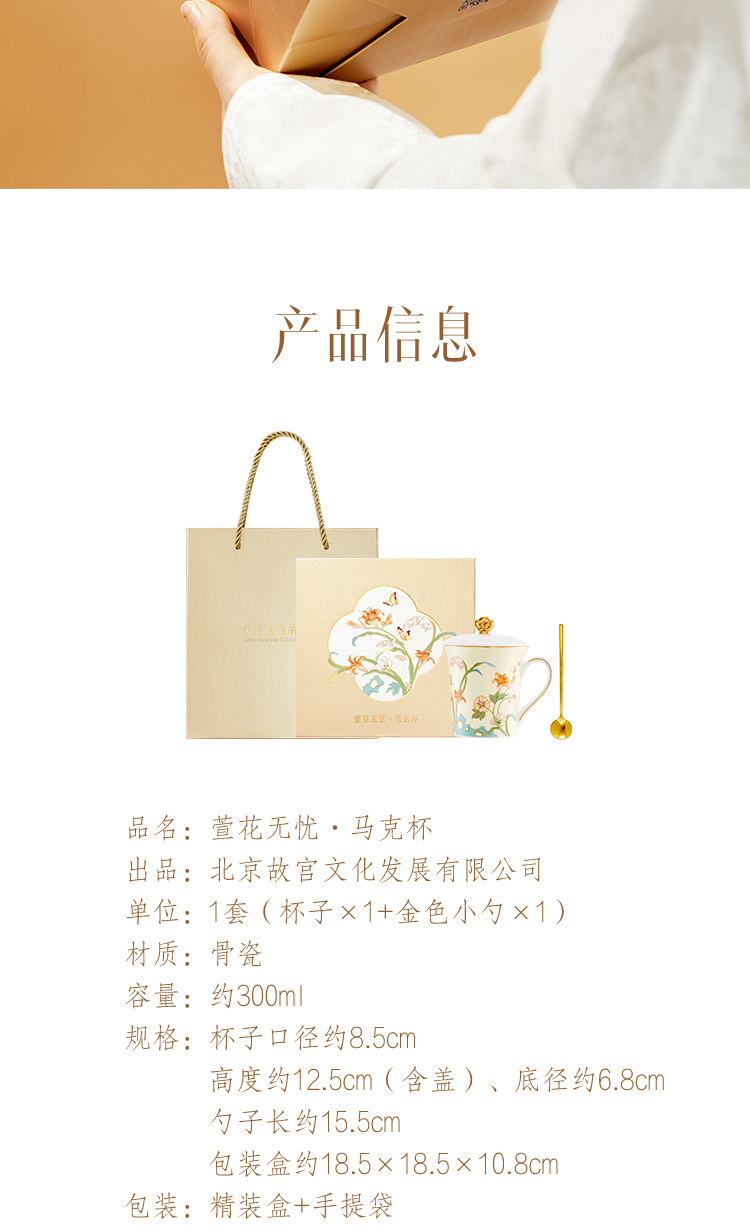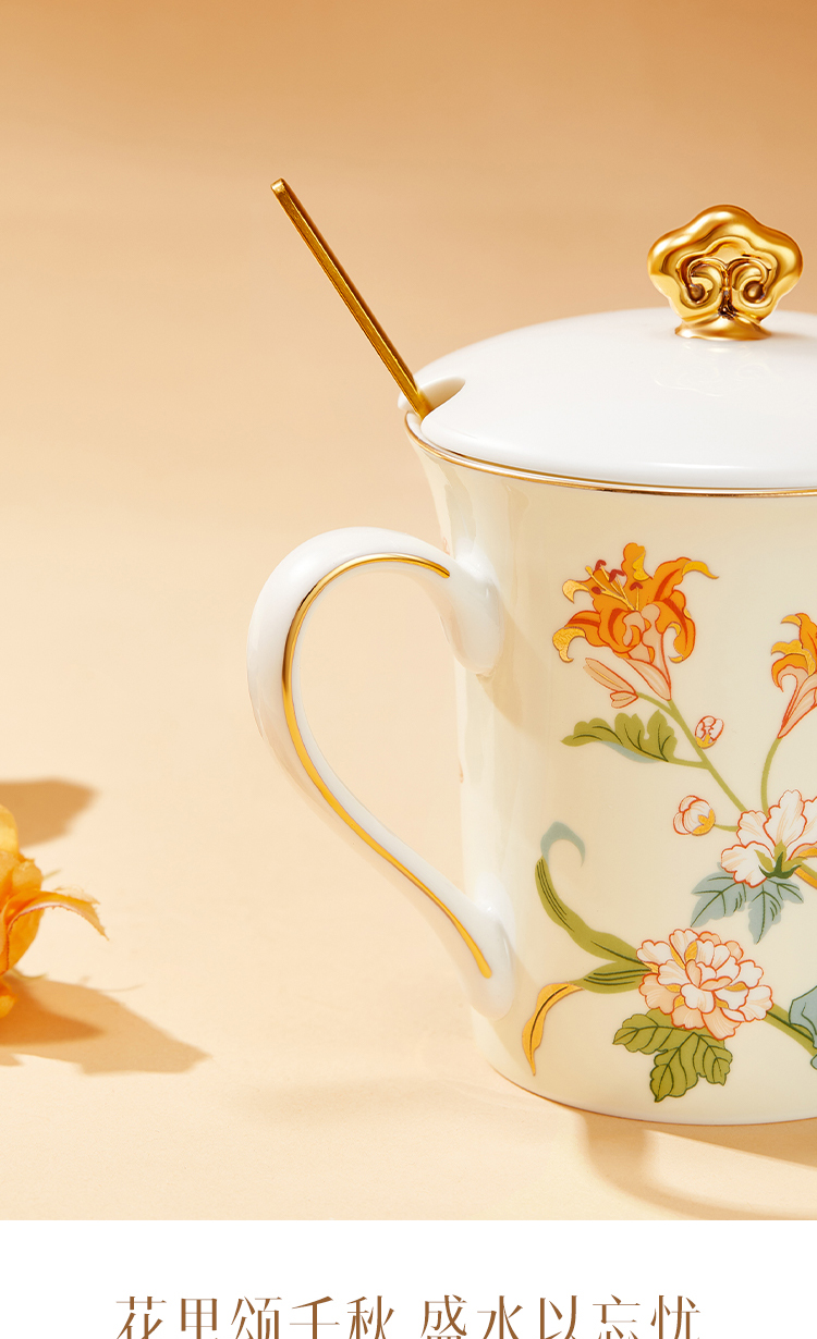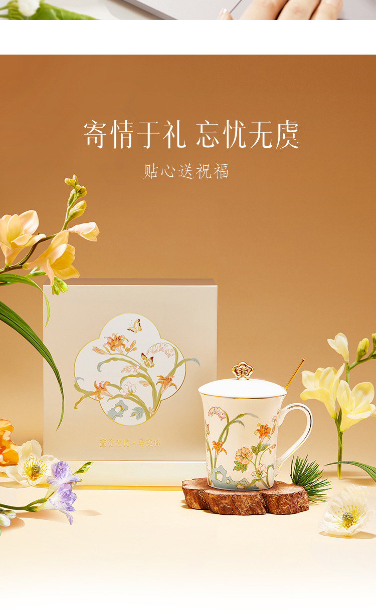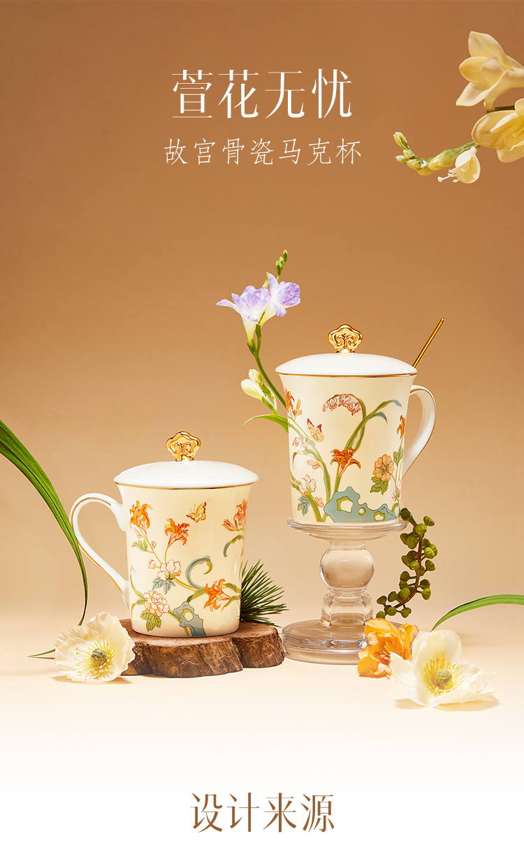 【故宫茶具】萱草无忧骨瓷马克杯水杯博物馆文创杯子生日礼物
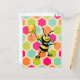 A happy honey bee with his scoop of honey. A cool hexagon hive shaped background in vintage colours of pink, blue, orange and green.
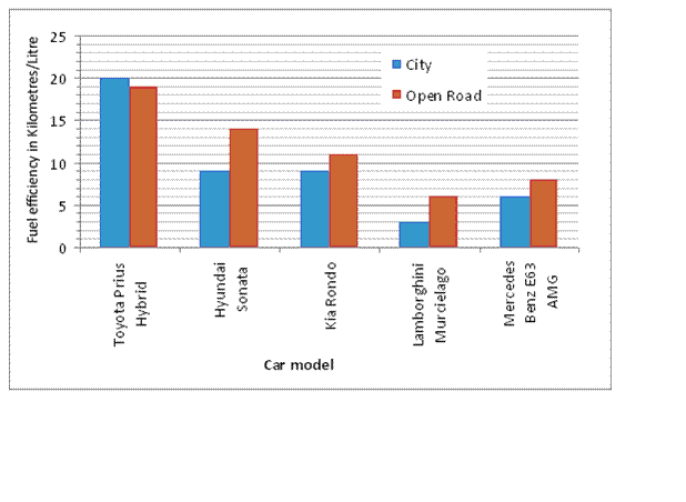 73. If the Toyota Prius travelled 60 kilometres in the city, how many kilometers in the city would the Mercedes Benz travel on the same amount of petrol?
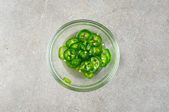 Die Chilischote in feine Ringe schneiden. Tipp: Für weniger Schärfe die Kerne entfernen. 3EL hellen Essig mit 3EL Wasser, ½TL Zucker und 1 Prise Salz verrühren, bis Zucker und Salz sich aufgelöst haben. Die Chiliringe untermengen und bis zum Servieren beiseitestellen.
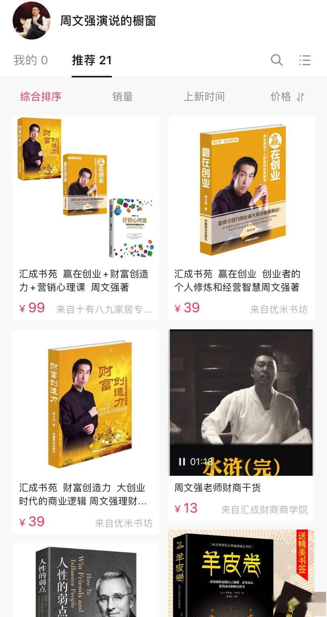此外,周文强还在短视频平台上销售书,其中还包括他自己的一些“成功学”励志书籍。这也是他变现手段的其中之一。

WHAT YOU ARE ASKED TO DO. Only the line with "73. If the Toyota" and those preceding it, back to the first line of the entries, should be repeated exactly, without pictures.

ANSWER TO THIS PROBLEM.
 【故宫茶具】萱草无忧骨瓷马克杯水杯博物馆文创杯子生日礼物
 A happy honey bee with his scoop of honey. A cool hexagon hive shaped background in vintage colours of pink, blue, orange and green.
 73. If the Toyota Prius travelled 60 kilometres in the city, how many kilometers in the city would the Mercedes Benz travel on the same amount of petrol?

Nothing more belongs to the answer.